The pattern is consistent across these domains: optionality is cheapest to preserve early and prohibitively expensive to recover later. For companies and investors making long-lived infrastructure commitments over the next 12-24 months, the five scorecard questions — multi-payer design, repeatability, substitute robustness, risk allocation, architectural flexibility — should be asked explicitly before architectural decisions harden, not assumed to resolve themselves during go-to-market execution.

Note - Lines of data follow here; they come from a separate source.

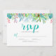 RSVP elegant modern script typography with colorful tropical flowers border.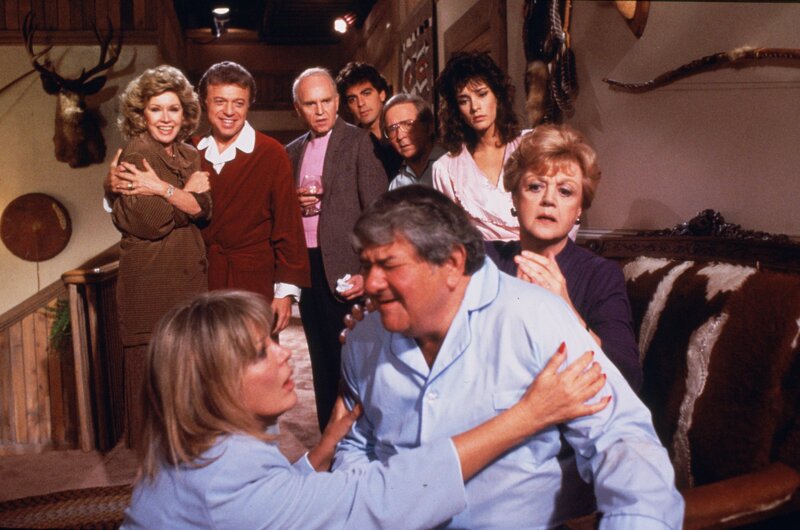 Jessica Fletcher (Angela Lansbury, r.) ist zur Verlobungsfeier von Kip Howard (George Clooney, hinten 4.v.l.) und Corrie eingeladen und findet sich plötzlich Mitten in einer Familienfehde wieder ?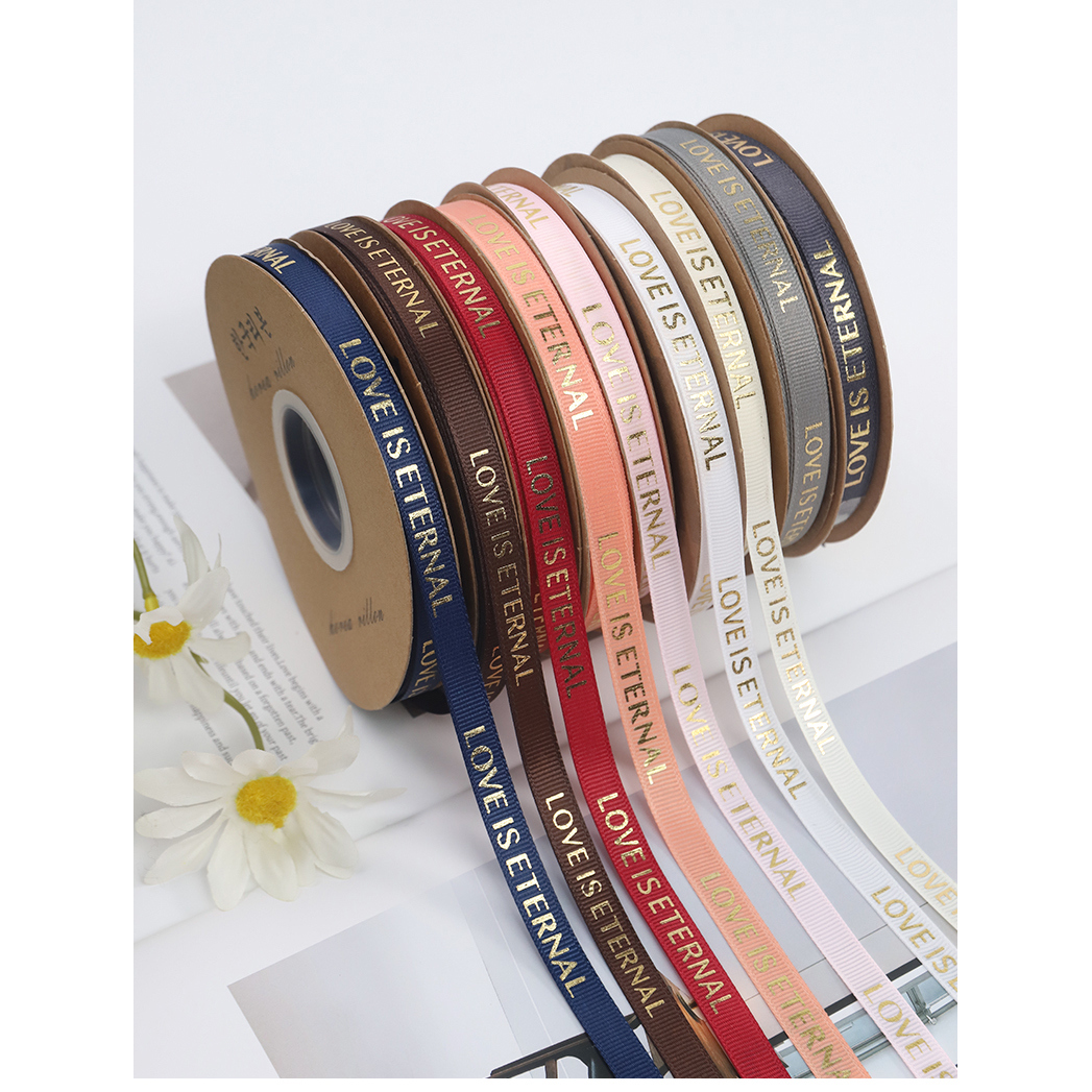 1cm英文love烫金螺纹丝带蛋糕装饰蝴蝶结飘带鲜花包装彩带打包带

Some systems should be mission-optimized. That's often the right answer when performance requirements genuinely preclude flexibility, when government is the only plausible long-term customer, or when mission criticality justifies accepting vendor lock-in and bespoke architectures. But that should be a deliberate choice backed by clear strategic analysis, not an accident that becomes visible only years later when commercial markets fail to materialize despite early assumptions.
Confusion between dual-use intent and dual-use capability has misallocated billions across the space economy. The distinction lies in architecture, not aspiration. And architecture is determined in the decisions being made right now.